La indiferencia a tomar partido, el temor a expresar lo que se piensa y la contención a actuar guiados por iniciativa propia, solo derivan de espíritus ignorantes, domesticados y sin altos propósitos en su existencia. Hacen falta individuos atrevidos, que se arriesguen para obtener algo mejor, que quieran hacer su vida y no que esperen porque alguien se la diseñe.
En esto la autoestima es fundamental, pues si los individuos no tienen conciencia de que merecen ser y serlo a la altura de los tiempos por los que transita la humanidad nada lograrán. Es necesario que vean su existencia como una creación a partir de sus deseos y aspiraciones, solo posible mediante su voluntad y desempeño. Porque la vida humana no es solo una realización biológica sino, fundamentalmente, una cultural y espiritual, lo que da preeminencia a la disposición del sujeto.
Es imprescindible desterrar el nefasto espíritu de masa, materia informe y manipulable, ente abúlico y que solo sigue los impulsos de una fuerza externa superior.
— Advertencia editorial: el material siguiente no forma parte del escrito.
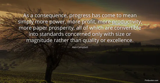Campbell, Alex. (2026, January 17). As a consequence, progress has come to mean simply more power, more profit, more productivity, more paper prosperity, all of which are convertible into standards concerned only with size or magnitude rather than quality or excellence. FixQuotes. https://fixquotes.com/quotes/as-a-consequence-progress-has-come-to-mean-simply-36859/
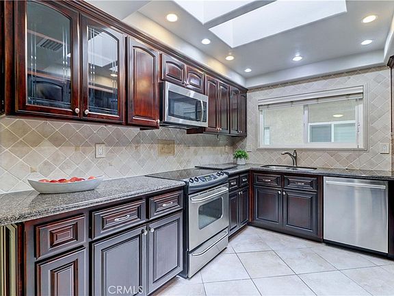 Lovely upper remodeled Casa Vista Condo (2bd/2ba) with a large enclosed sunroom and no stairs. The kitchen has been remodeled with stainless steel appliances, new cabinets, granite countertops, a large skylight and recessed lighting. The windows and sliding glass doors have been upgraded throughout the home. A full size washer/dryer is located in the hall closet for easy access. The primary suite is generously sized for a king size bed and includes an en-suite bathroom and a walk-in-closet. Other features include central air/heating, smooth ceilings, a whole house attic fan, carpet & tile flooring, and parking close by. Located in Laguna Woods, enjoy all the amenities the Village has to offer: 27 holes of golf plus a separate 9-hole walking course, tennis courts, separate pickleball courts, 5 swimming pools, 3 fitness centers, bridge card room, 7 club houses, computer rooms, over 200 clubs to participate in and much more. There is free bus transportation. The unit includes: water, trash, basic cable, landscaping, and exterior building maintenance plus access to all Laguna Woods Village Facilities. You are within 15 minutes of Laguna Beach and extremely close to great shopping and restaurants. Come and see this move in ready home.
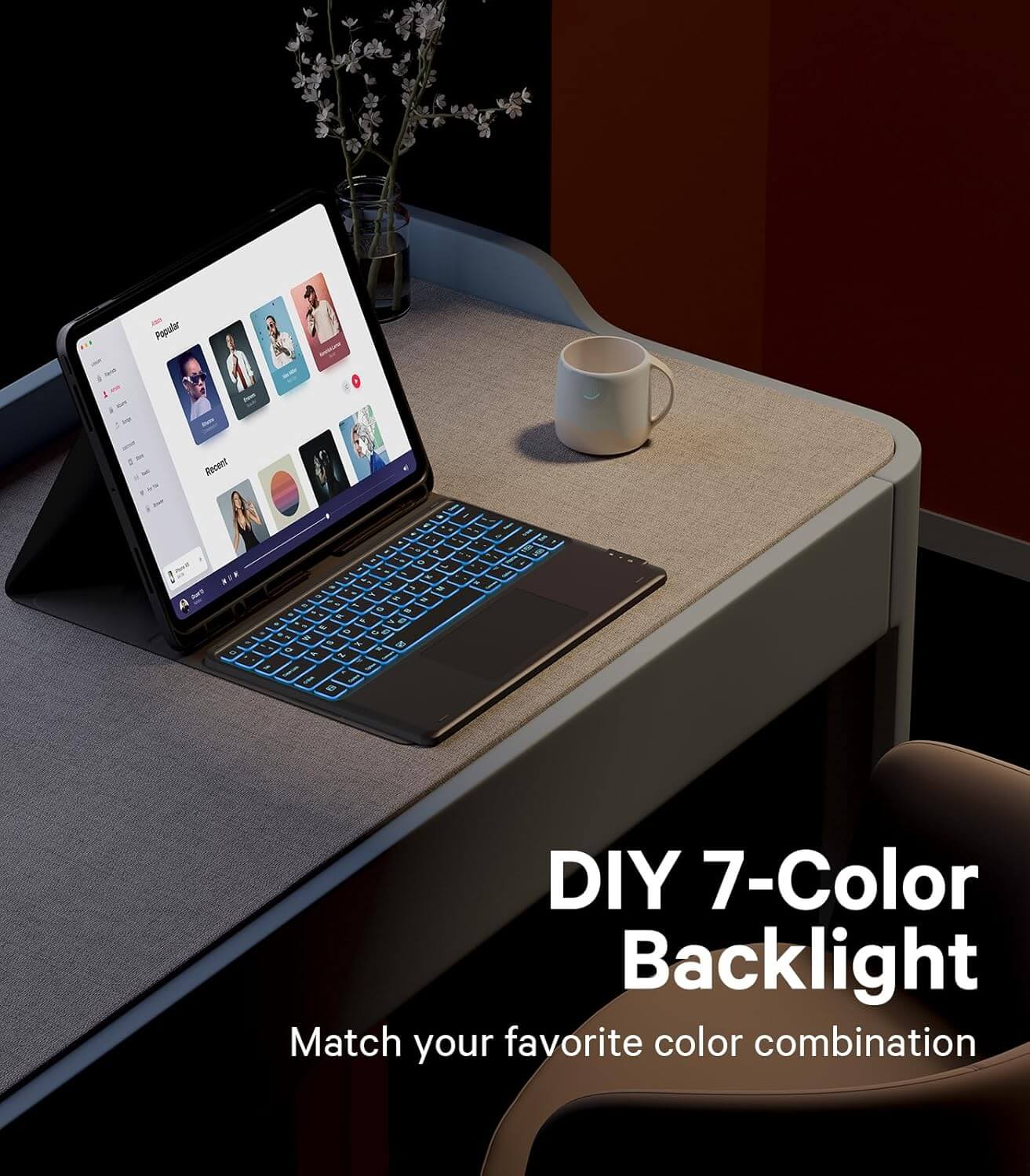 - [7-Color Backlit]: With the 7-Color Backlit and 3 Level brightness adjustment feature on the iPad Pro 13 inch keyboard, you can choose your favorite color to suit your mood or environment. The keyboard also comes with Multi-function keys, which allow you to control various functions on your iPad easily.

Debe sustituirse por el de un sujeto actuante, alguien que dialoga, concierta y actúa con sus semejantes para elevarse sobre las vicisitudes, carencias y limitaciones hacia su realización plena.
Tal vez esto parezca platónico, pero no lo es. Solo se necesita la voluntad para abrir las oportunidades y crear el contexto propicio para que germine el sujeto activo. En fin, más que un seguidor entusiasta de una idea que lo lleve a portarla como una insignia permanente de identificación (“revolucionario”), el país necesita de ciudadanos conscientes, sensibles, activos y escrupulosamente cívicos.